Filed under: Nutrition
There is a prevailing belief in mainstream media and actually in highly educated nutrition experts that in order for a fruit or vegetable to have maximal nutritrional benefits, it must be rich in color. In many cases this is completely true. When you are eating a fruit or veggie that is colorful, such as a strawberry, you want it to be a beautiful deep red. Unfortunately people have taken this to mean that plants that are naturally color free are low in nutrients and value. False.

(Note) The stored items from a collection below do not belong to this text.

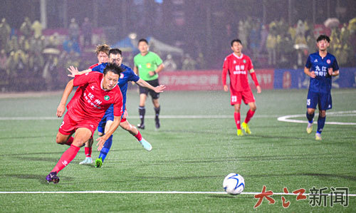 下半場易邊再戰,雨勢未減,雙方對陣容均做出調整。撫州隊為扭轉頹勢加強進攻,曹靖康主罰的任意球擊中門框,與扳平比分擦肩而過。此后,雙方攻防節奏加快,互有攻守。
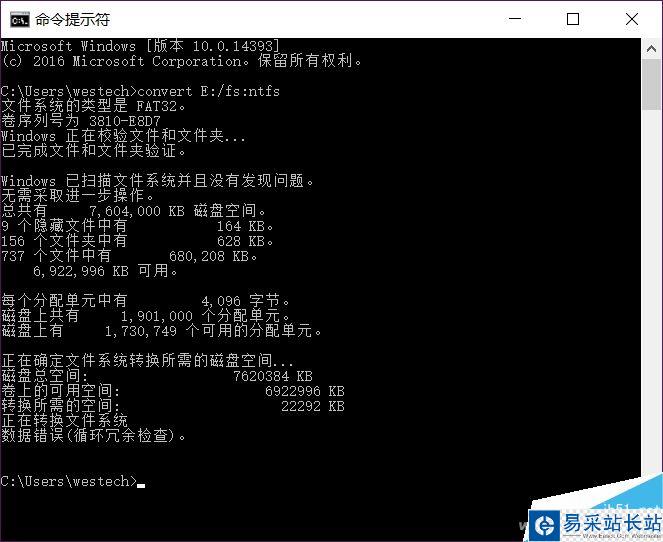修復完畢,重新在提示符下輸入轉換命令進行轉換,根據U盤空間大小以及存儲文件的多少,進行轉換時間也長短不一。
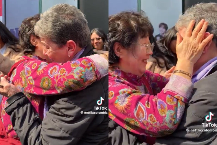 그룹 방탄소년단(BTS) 컴백 공연을 보기 위해 한국에 온 60대 콜롬비아 여성(오른쪽)이 BTS ‘성지’인 한 식당에서 사장과 포옹을 나누고 있는 모습. 넷플릭스콜롬비아 틱톡 캡처
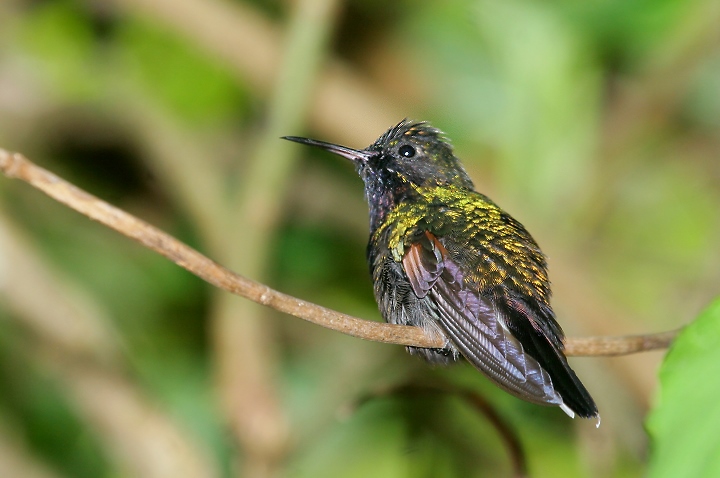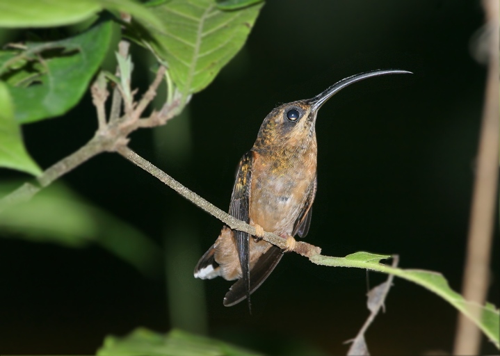 Below: A Stripe-throated Hermit (formerly Little Hermit) feeding near our afternoon cerveza stop on the Osa. It's long tail feathers aren't visible in this image as the bird was constantly pumping its tail.
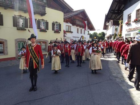 Hochamt in der Pfarrkirche, anschließend feierliche Prozession mit Musikkapelle und Schützen durch das Dorf. Ausklang der Feierlichkeiten im Musikpavillon.
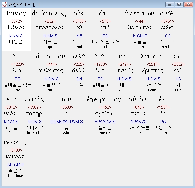 헬라어신약Stephanos,1 παυλος αποστολος ουκ απ ανθρωπων ουδε δι ανθρωπου αλλα δια ιησου χριστου και θεου πατρος του εγειραντος αυτον εκ νεκρων
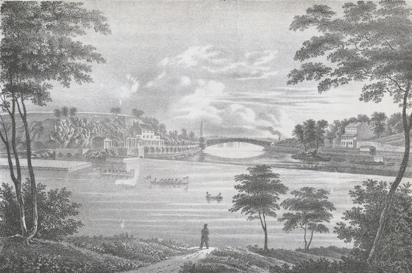 spans the river in the distance. Also shows the toll house or superintendant's house of the Schuylkill Navigation Company
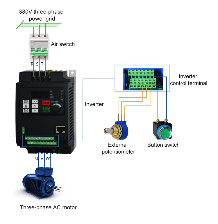U, V, W-это выходные клеммы преобразователя частоты и подключенный трехфазный асинхронный двигатель.
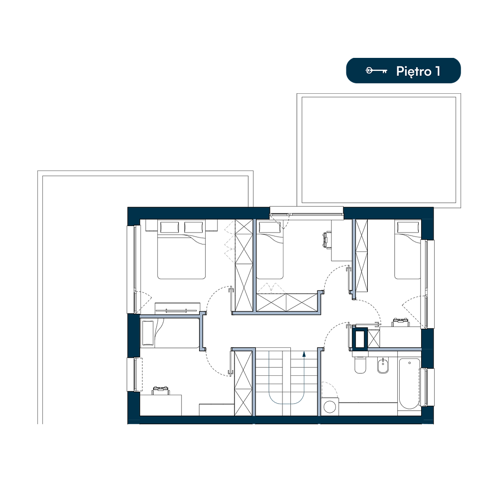 Dom jest łatwy do urządzenia i wygodny w codziennym użytkowaniu. Przemyślany układ pomieszczeń ogranicza niepotrzebne korytarze i pozwala lepiej wykorzystać każdy metr przestrzeni.
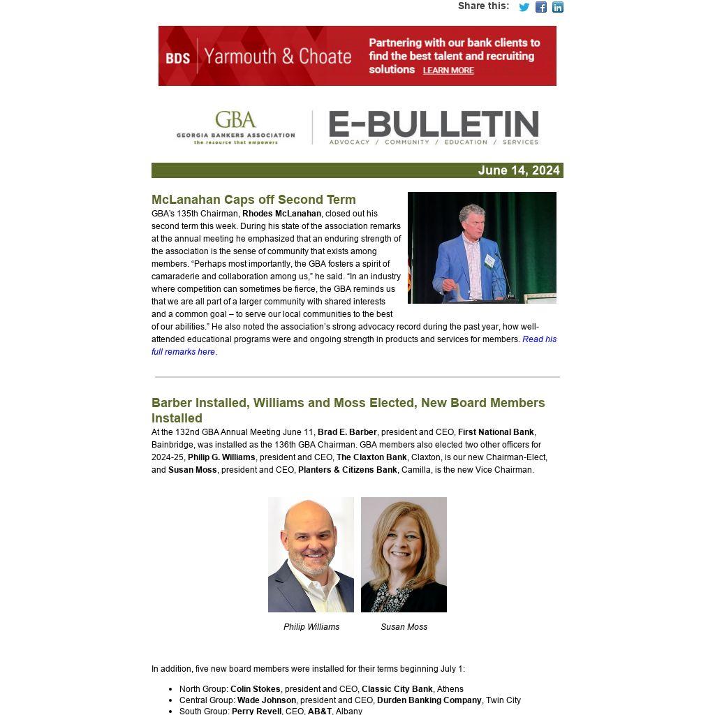 Barber Installed, Williams and Moss Elected, New Board Members InstalledAt the 132nd GBA Annual Meeting June 11, Brad E. Barber, president and CEO, First National Bank, Bainbridge, was installed as the 136th GBA Chairman. GBA members also elected two other officers for 2024-25, Philip G. Williams, president and CEO, The Claxton Bank, Claxton, is our new Chairman-Elect, and Susan Moss, president and CEO, Planters & Citizens Bank, Camilla, is the new Vice Chairman.
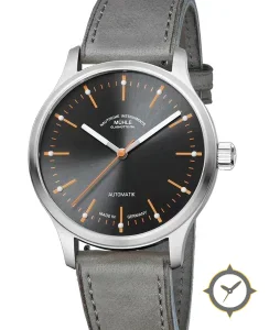 Eine Minimalistisch-Uhr mit einem 33.5mm Gehäuse im Vintage-Stil gefertigt aus Edelstahl mit einem Zifferblatt in grau und einer besonderen "sunburst"-Oberfläche.

This couldn’t be further from the truth. There are a lot of fruits and veggies that are not rich in color, that are absolutely tremendous for you. Cauliflower would be a great example. It is a member of the brassica family, which is like vegetable royalty, also including broccoli, cabbage, kale, and more. It is high in a powerful compound called sulforaphane, a powerful antioxidant that can help reduce cancer risk and is known to detoxify the liver.
Another example of a great, low color veggie are onions. Onions are one of my favorite veggies, containing a powerful antioxidant and anti-inflammatory called quercetin, which is shown to help prevent some cancers and heart disease. Onions are a part of the allium family, which aso contains garlic, scallions, chives, and leeks. The sulfur compounds in onions, including thiosulfinates, sulfides, sulfoxides, and diallyl sulfide (which unfortunately cause the smell) help prevent stomach, prostate and esophageal cancer. Some very powerful stuff.
Clearly we can see that color does not define the health properties in all cases. These are just two of many examples, there are tons of other low color plants that are incredibly healthy such as artichokes, celery, bok choy, endive and more. This again returns to why I do not like the green veggies only idea. There are tons of other fruits and veggies, of all colors of the rainbow, including white, that promote a balanced, delicious, and healthy diet.